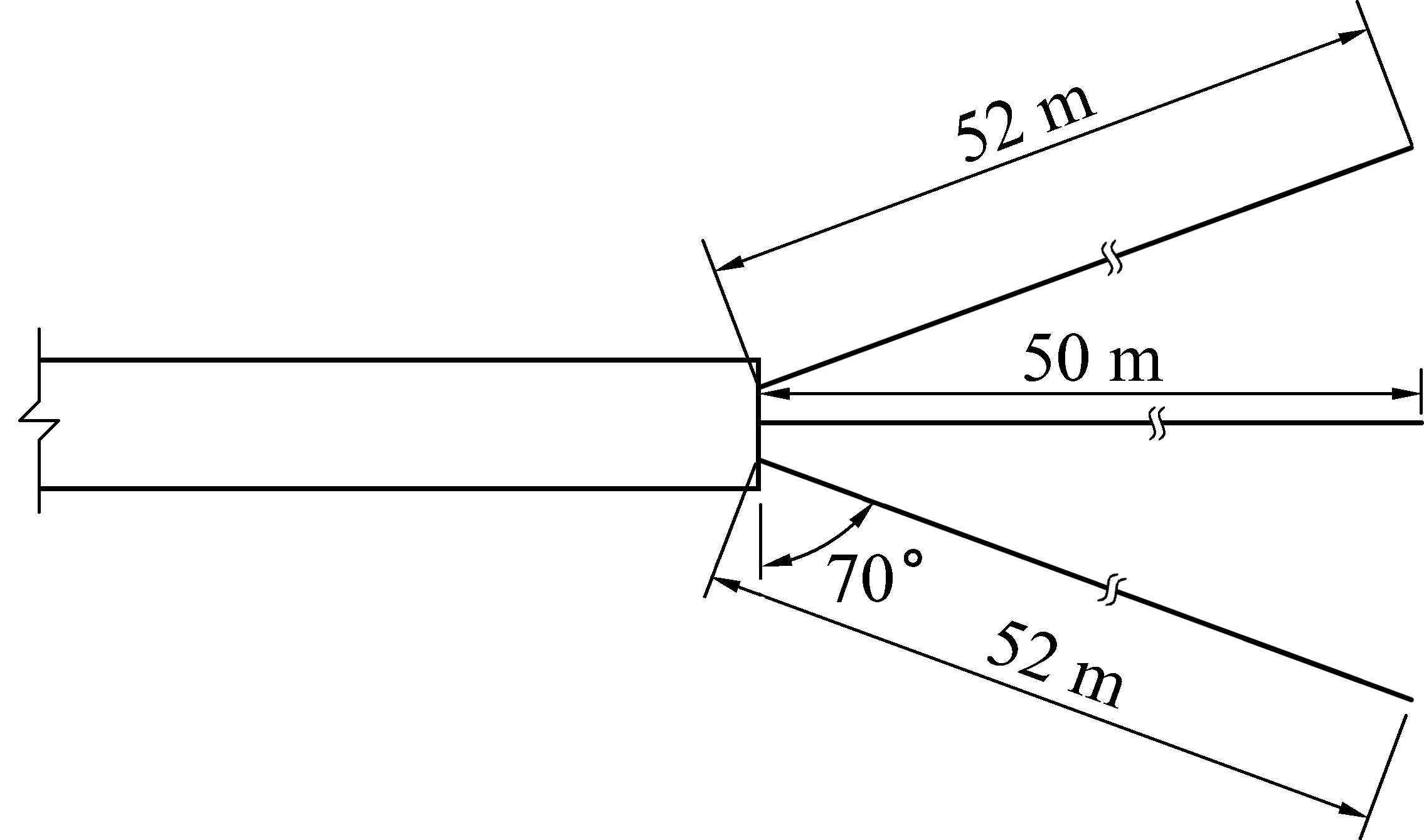 具体施工方式:在掘进工作面施工3个超前大直径卸压钻孔,孔径153 mm,孔深50 m,两侧钻孔向巷帮偏移20°,孔深为52 m,其布置参数如图4所示。当掘进工作面至卸压孔底部距离小于10 m时,补打下一轮钻孔,如此循环,即始终保证掘进工作面前方10 m处于卸压范围。
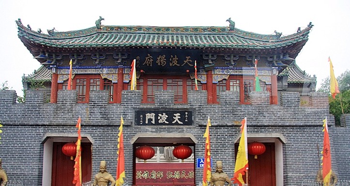 天波楊府位于風(fēng)景秀麗的河南省開封市楊家湖畔,東依北宋皇宮遺址龍亭風(fēng)景區(qū),西臨中國翰園和清明上河園。占地2.6公頃,是為紀(jì)念和頌揚北宋忠臣楊家諸將業(yè)績,于1994年重建的一座仿宋園林樓閣建筑。據(jù)史書記載,天波楊府是北宋抗遼名將楊業(yè)的府邸,因位于京城西北隅天波門的金水河旁,故名天波楊府。
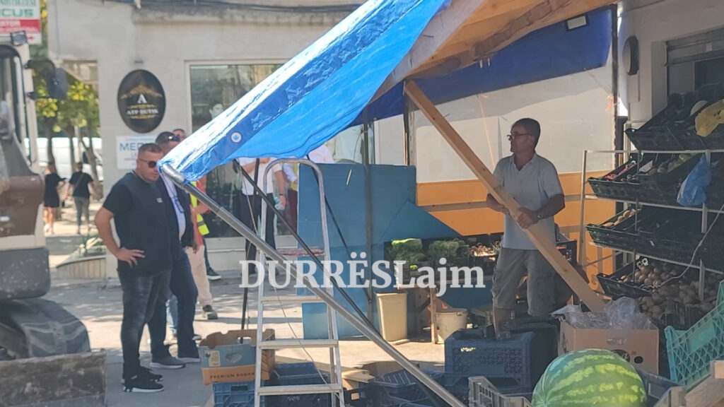 Tenda e një dyqani që tregton fruta – perimet ishte në fokusin e aksionit të sotëm për lirimin e hapësirave publike në qytetin e Durrësit. Përqendrimi i të gjitha strukturave lokale ishte tek ky dyqan, tendën e të cilit po e çmontonte vetë pronari i saj.
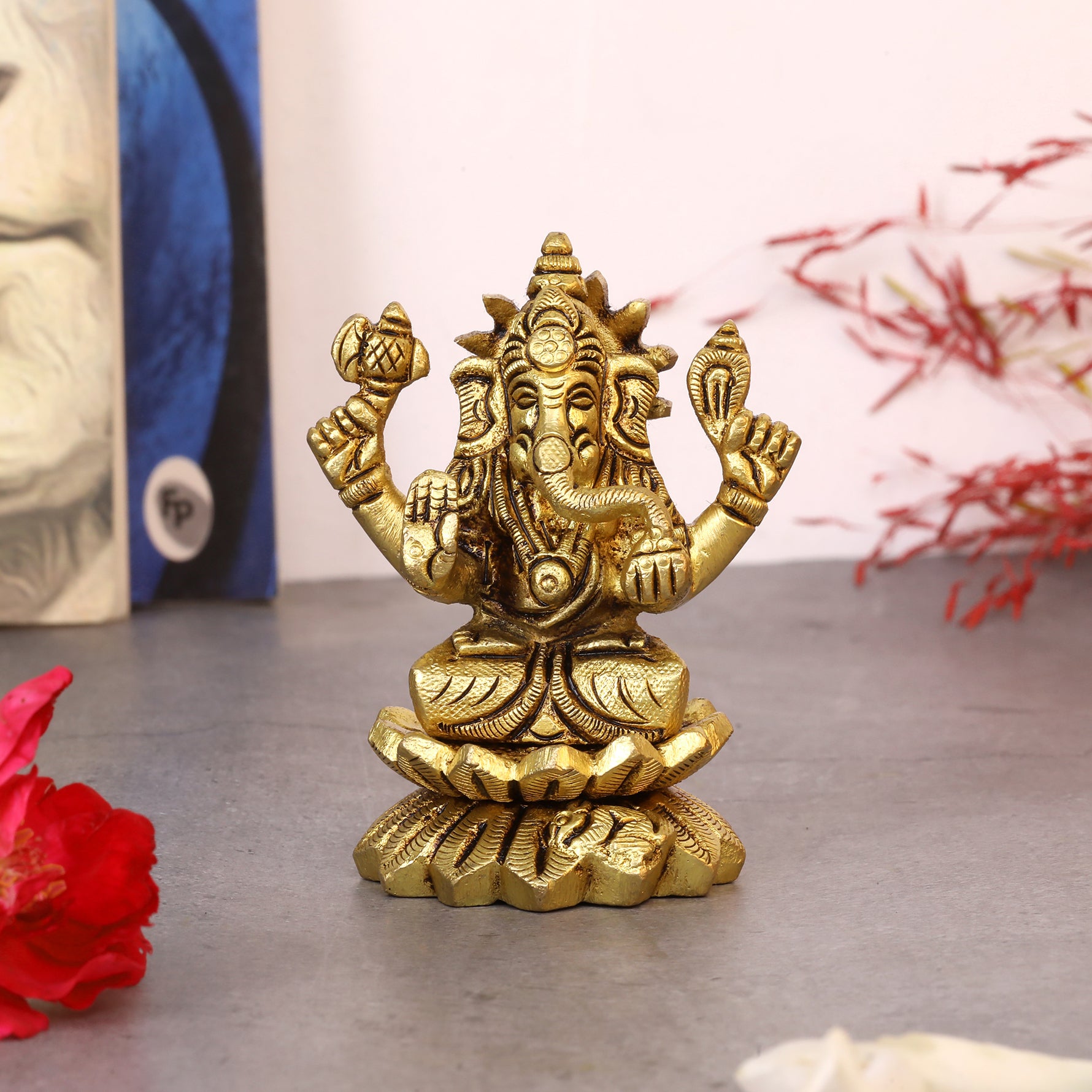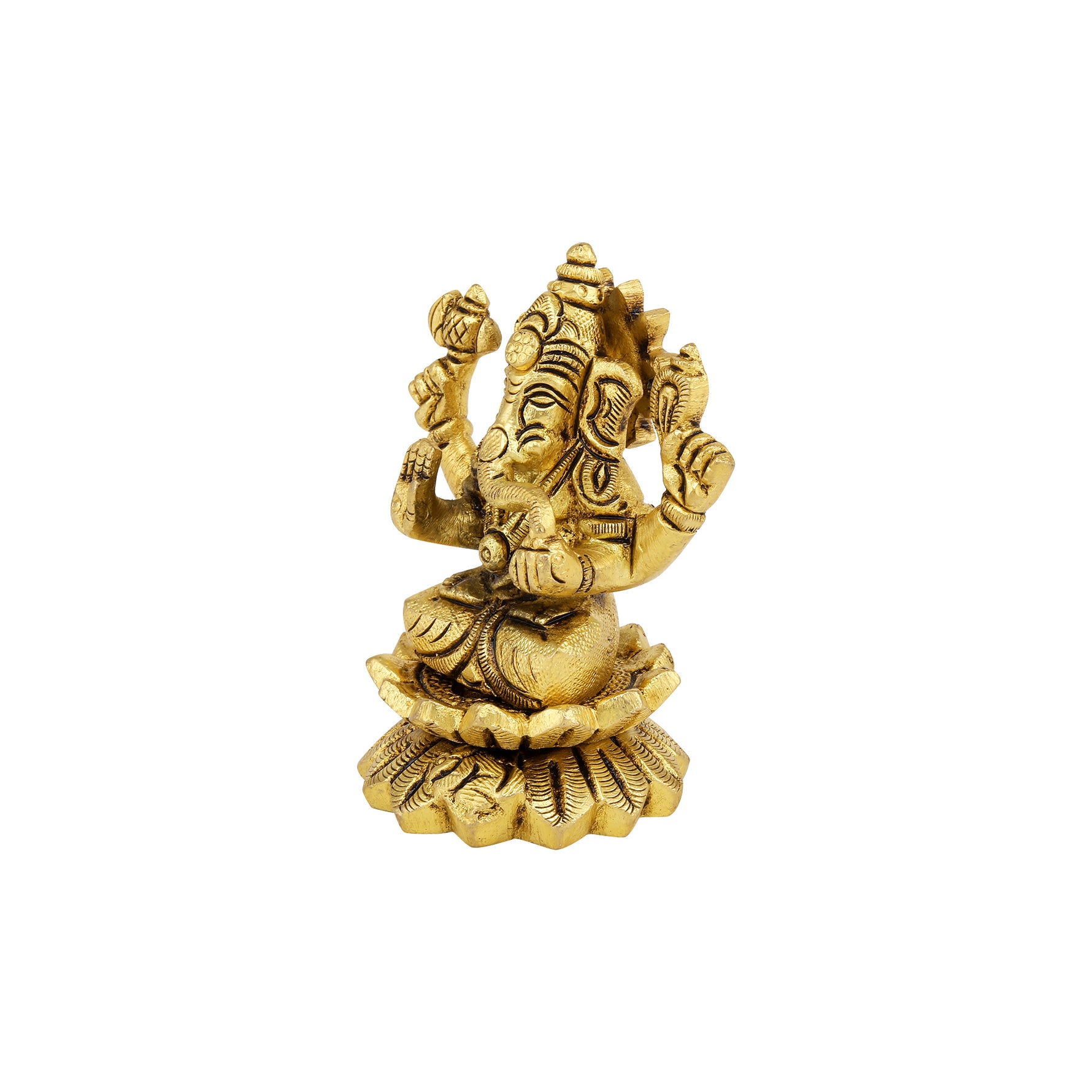Crafted from 100% pure brass, the Brass Kamal Ganesh Ji by Shreeyaash embodies the essence of peace, prosperity, and wellness. This intricately designed idol serves not only as a sacred centerpiece for your pooja rituals but also enhances the ambiance of any home decor. Its elegant craftsmanship makes it an ideal gift to bless loved ones with harmony and good fortune. Perfectly balancing spiritual significance with aesthetic appeal, it is a valuable addition to both traditional worship and modern living spaces.

——————————

▶ **What to do**:
Nothing but the lines from the line with "天波楊府位于風(fēng)景" through the end of the listing should appear in the answer, each duplicated exactly, without pictures.

▶ **Answer to this task**:
 天波楊府位于風(fēng)景秀麗的河南省開封市楊家湖畔,東依北宋皇宮遺址龍亭風(fēng)景區(qū),西臨中國翰園和清明上河園。占地2.6公頃,是為紀(jì)念和頌揚北宋忠臣楊家諸將業(yè)績,于1994年重建的一座仿宋園林樓閣建筑。據(jù)史書記載,天波楊府是北宋抗遼名將楊業(yè)的府邸,因位于京城西北隅天波門的金水河旁,故名天波楊府。
 Tenda e një dyqani që tregton fruta – perimet ishte në fokusin e aksionit të sotëm për lirimin e hapësirave publike në qytetin e Durrësit. Përqendrimi i të gjitha strukturave lokale ishte tek ky dyqan, tendën e të cilit po e çmontonte vetë pronari i saj.
Crafted from 100% pure brass, the Brass Kamal Ganesh Ji by Shreeyaash embodies the essence of peace, prosperity, and wellness. This intricately designed idol serves not only as a sacred centerpiece for your pooja rituals but also enhances the ambiance of any home decor. Its elegant craftsmanship makes it an ideal gift to bless loved ones with harmony and good fortune. Perfectly balancing spiritual significance with aesthetic appeal, it is a valuable addition to both traditional worship and modern living spaces.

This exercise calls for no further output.